Stored records:
┄┄┄┄┄┄┄┄┄┄┄┄┄┄┄┄┄┄┄┄

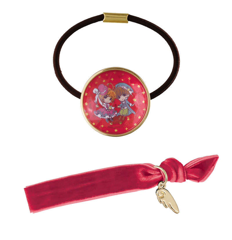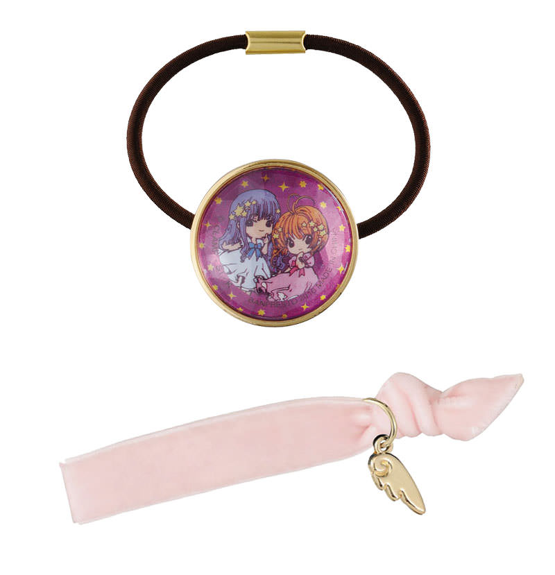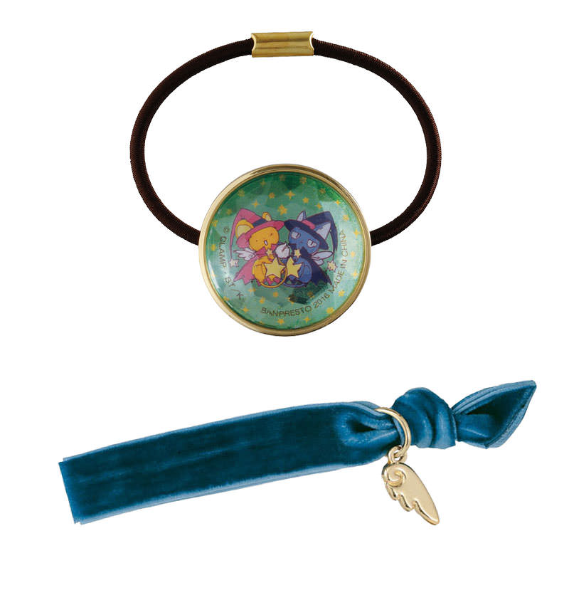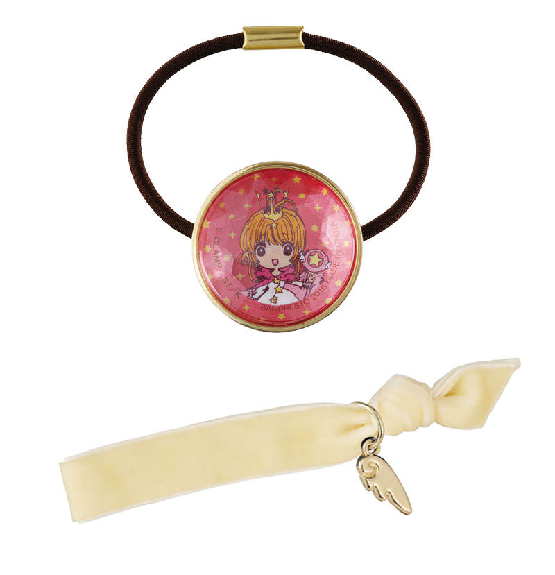 キャラクターのイラスト付きの鮮やかな宝石と羽のメタルチャームがセットのリボンゴムです。
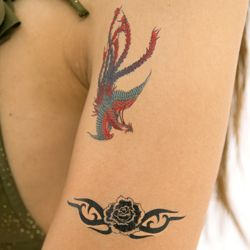 TATTOO(タトゥー)シールで、グッと色っぽく!いつものコスプレ衣装に合わせて、こだわりの箇所に貼り付けるだけ!特殊な素材を使用しているので、皮膚の動きと一緒に伸び縮みします。入浴したり、海やプールに入っても2、3日は取れません!あなたならどこに貼る?SM女王様風に胸元?ほのかにセクシーな首筋?クールに決まる腕?小悪魔ちっくな足首?パーティーに、お祭りに、イベントに、大活躍!あなたの個性で選んでね!
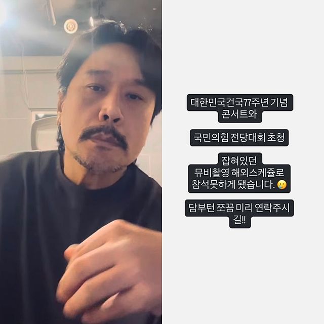 JK 김동욱은 24일 자신의 SNS를 통해 “대한민국 건국 77주년 기념 콘서트와 국민의힘 전당대회에 초대를 받았지만, 이미 오래전부터 잡혀 있던 뮤직비디오 촬영 등의 해외 일정으로 인해 참석하지 못하게 됐다”고 아쉬움을 전했다.
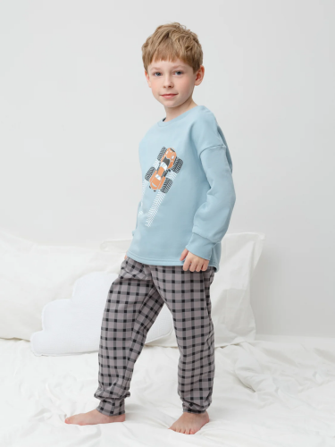 Трикотажная пижама с начёсом из натурального хлопка. Джемпер с длинными спущенными рукавами и брюки с эластичной резинкой в поясе. Мягкие манжеты на рукавах и по низу брюк. Оригинальные набивка и принт выполнены из стойких гипоаллергенных текстильных гипоаллергенных красителей. Изделие сохраняет цвет и форму после многократных стирок. Все трикотажные полотна производятся в соответсвии с нормами швейцарского сертификата ЭкоТекс.
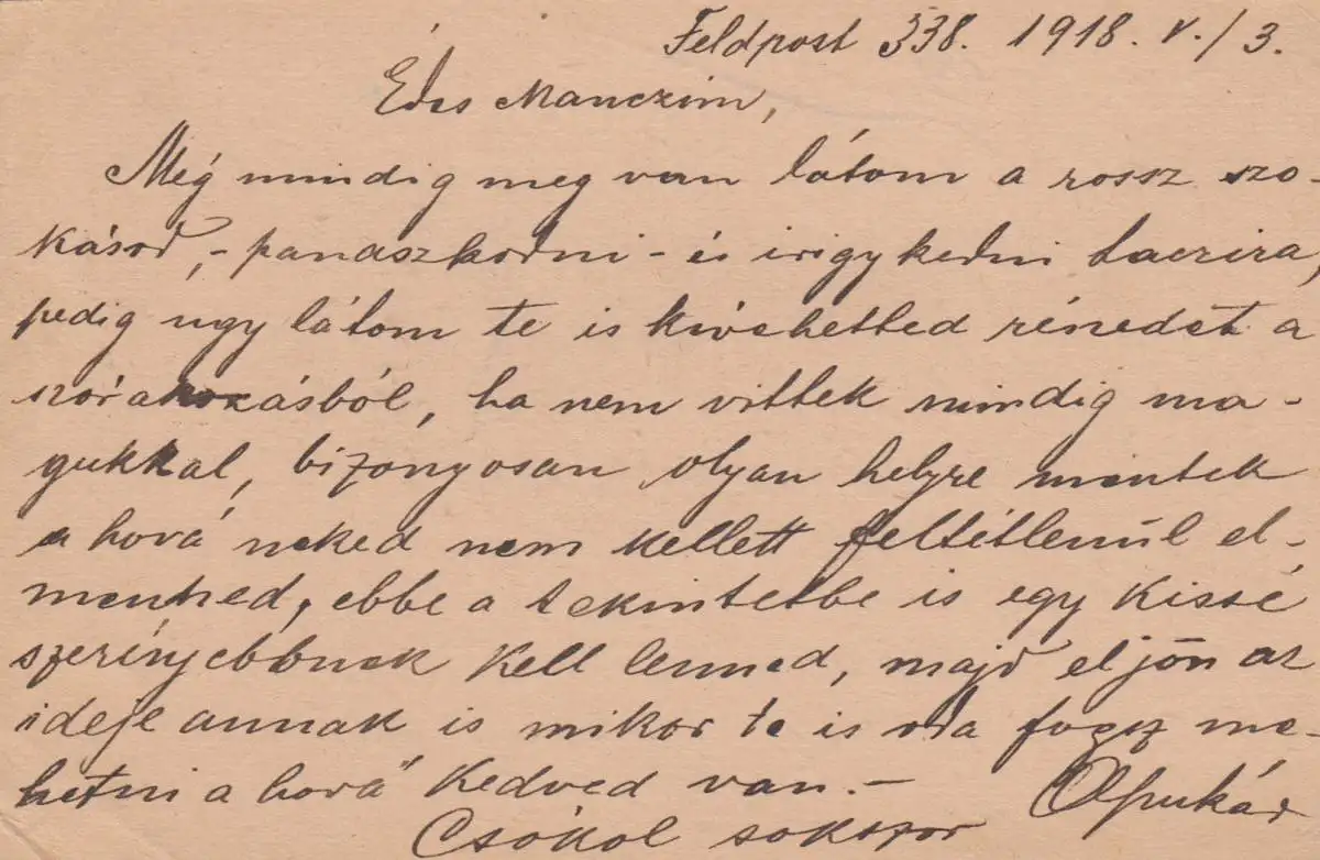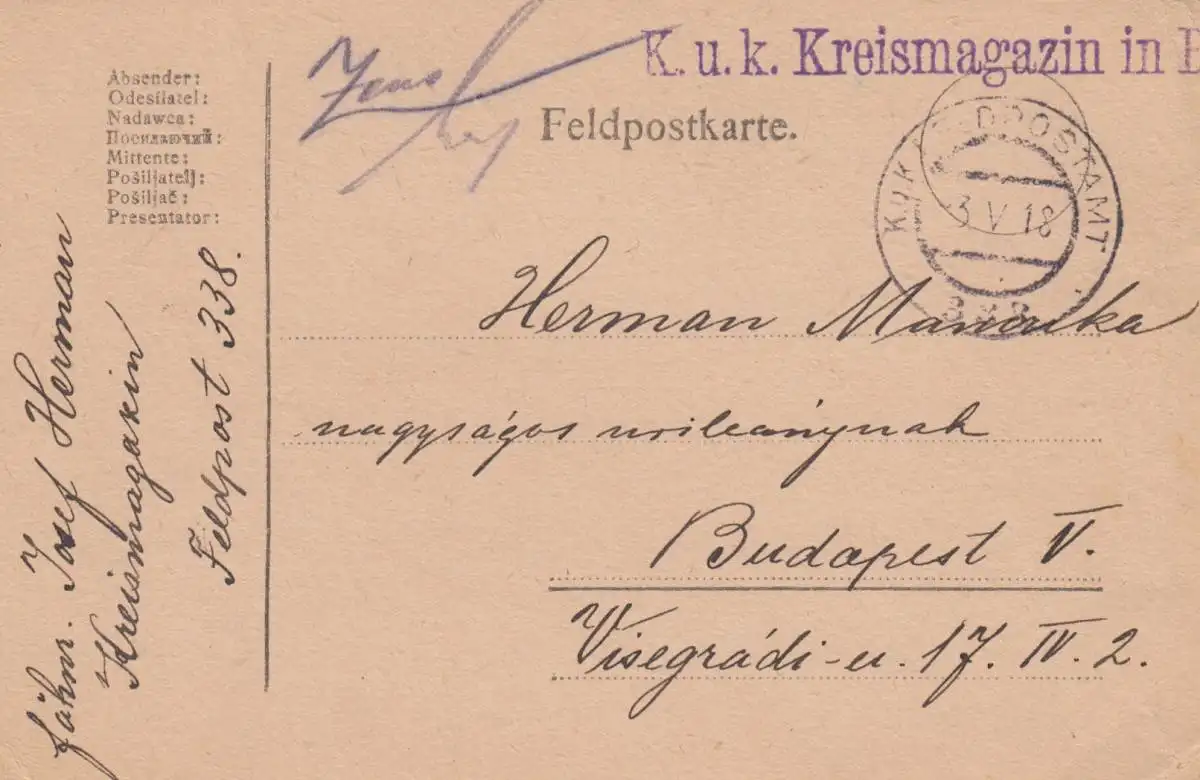 Carte postale de terrain 1918 Kuk Bureau de poste de campagne FP 338 à Budapest
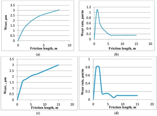 The difference between a gradual and abrupt (self-organization) decrease in the intensity of wear is shown using the example of different types of schematic dependencies of wear and wear rate of the friction distance on Figure 1. Figure 1 shows typical dependencies of wear and the intensity of wear of the friction distance without self-organization (Figure 1a,b) and with self-organization (Figure 1c,d).
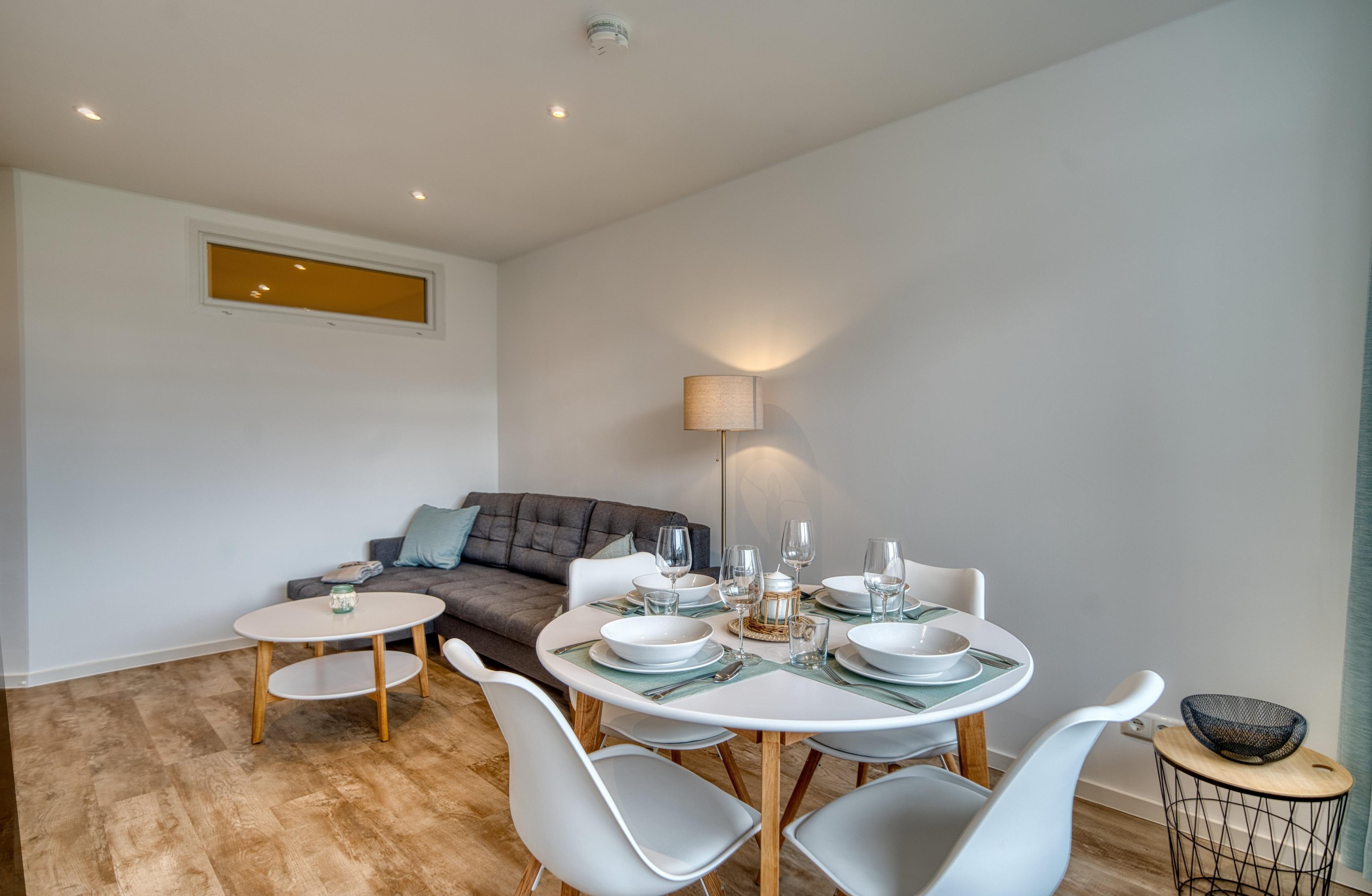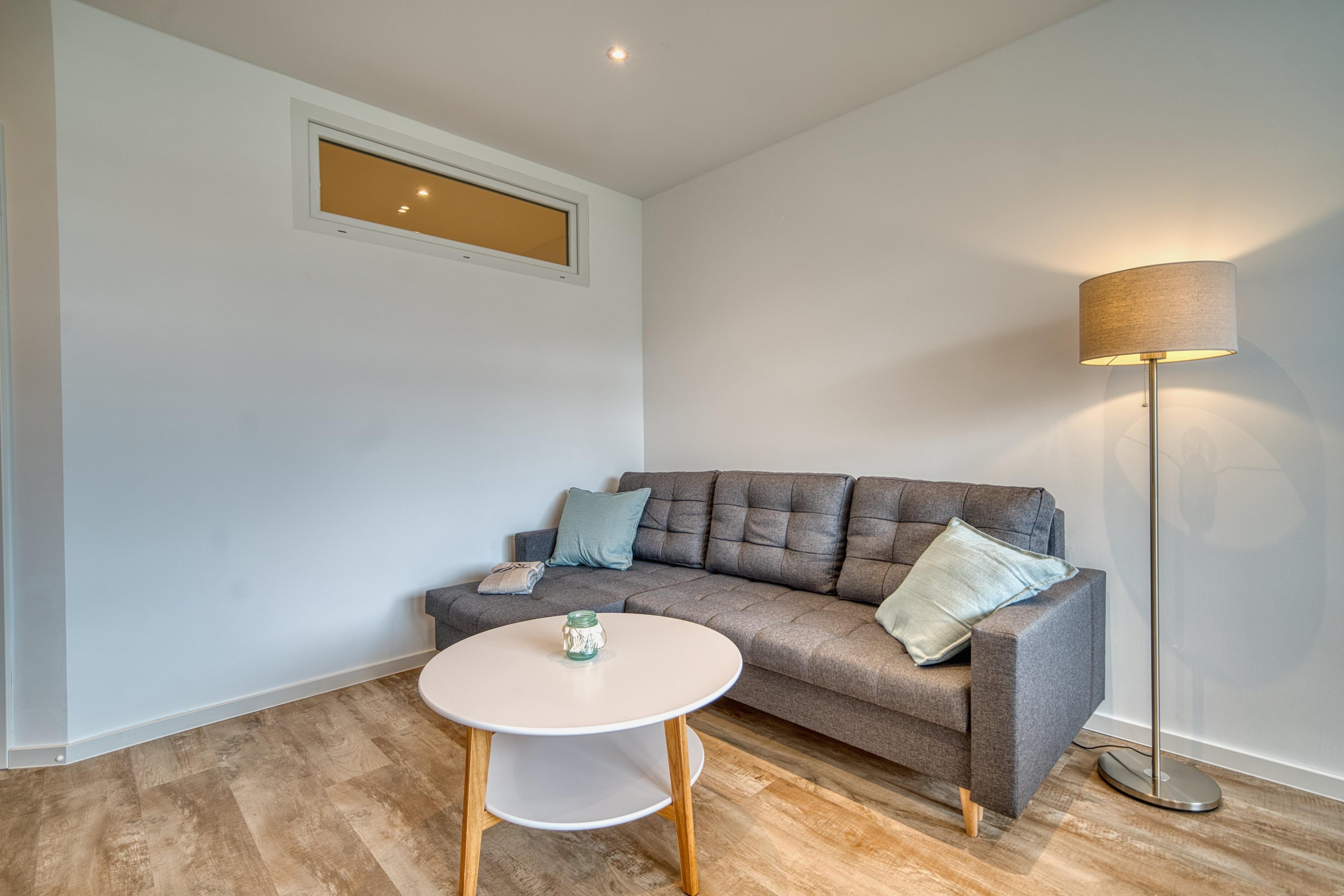 Wohnbereich: Der ansprechende Wohnbereich ist mit einem komfortablen Sofa und einem Smart-TV ausgestattet. Hier können Sie nach einem aktiven Tag an der Ostsee entspannen.
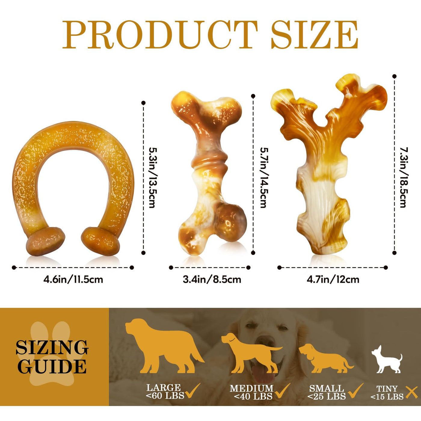 Frienhund Dog Toys For Aggressive Chewers 3 Pack, Dog Chew Toys For Large Dogs, Indestructible Dog Toy For Aggressive Chewers, Chew Toys For Aggressive Chewers
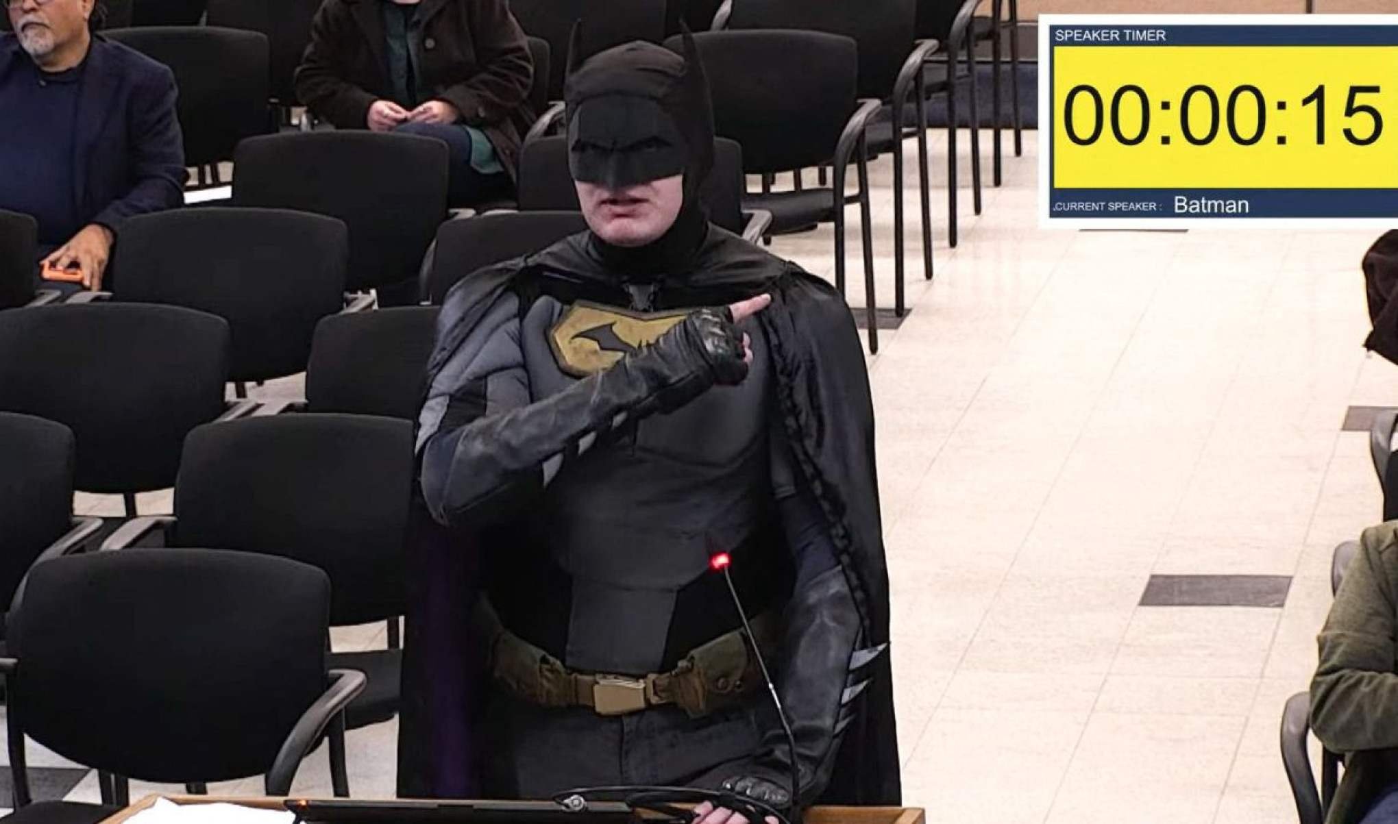 SÃO PAULO, SP (FOLHAPRESS) - Um homem não identificado vestido de Batman usou uma reunião do Conselho Municipal de Santa Clara, na Califórnia, na última terça-feira (27) para cobrar medidas da instituição contra o ICE, o Serviço de Imigração e Alfândega dos Estados Unidos, antes da realização do Super Bowl, marcado para o dia 8 de fevereiro na cidade.

┄┄┄┄┄┄┄┄┄┄┄┄┄┄┄┄┄┄┄┄

■ WHAT IS REQUIRED
Return each line of the data, keeping its wording exact and omitting pictures.

■ ANSWER BELOW
 キャラクターのイラスト付きの鮮やかな宝石と羽のメタルチャームがセットのリボンゴムです。
 TATTOO(タトゥー)シールで、グッと色っぽく!いつものコスプレ衣装に合わせて、こだわりの箇所に貼り付けるだけ!特殊な素材を使用しているので、皮膚の動きと一緒に伸び縮みします。入浴したり、海やプールに入っても2、3日は取れません!あなたならどこに貼る?SM女王様風に胸元?ほのかにセクシーな首筋?クールに決まる腕?小悪魔ちっくな足首?パーティーに、お祭りに、イベントに、大活躍!あなたの個性で選んでね!
 JK 김동욱은 24일 자신의 SNS를 통해 “대한민국 건국 77주년 기념 콘서트와 국민의힘 전당대회에 초대를 받았지만, 이미 오래전부터 잡혀 있던 뮤직비디오 촬영 등의 해외 일정으로 인해 참석하지 못하게 됐다”고 아쉬움을 전했다.
 Трикотажная пижама с начёсом из натурального хлопка. Джемпер с длинными спущенными рукавами и брюки с эластичной резинкой в поясе. Мягкие манжеты на рукавах и по низу брюк. Оригинальные набивка и принт выполнены из стойких гипоаллергенных текстильных гипоаллергенных красителей. Изделие сохраняет цвет и форму после многократных стирок. Все трикотажные полотна производятся в соответсвии с нормами швейцарского сертификата ЭкоТекс.
 Carte postale de terrain 1918 Kuk Bureau de poste de campagne FP 338 à Budapest
 The difference between a gradual and abrupt (self-organization) decrease in the intensity of wear is shown using the example of different types of schematic dependencies of wear and wear rate of the friction distance on Figure 1. Figure 1 shows typical dependencies of wear and the intensity of wear of the friction distance without self-organization (Figure 1a,b) and with self-organization (Figure 1c,d).
 Wohnbereich: Der ansprechende Wohnbereich ist mit einem komfortablen Sofa und einem Smart-TV ausgestattet. Hier können Sie nach einem aktiven Tag an der Ostsee entspannen.
 Frienhund Dog Toys For Aggressive Chewers 3 Pack, Dog Chew Toys For Large Dogs, Indestructible Dog Toy For Aggressive Chewers, Chew Toys For Aggressive Chewers
 SÃO PAULO, SP (FOLHAPRESS) - Um homem não identificado vestido de Batman usou uma reunião do Conselho Municipal de Santa Clara, na Califórnia, na última terça-feira (27) para cobrar medidas da instituição contra o ICE, o Serviço de Imigração e Alfândega dos Estados Unidos, antes da realização do Super Bowl, marcado para o dia 8 de fevereiro na cidade.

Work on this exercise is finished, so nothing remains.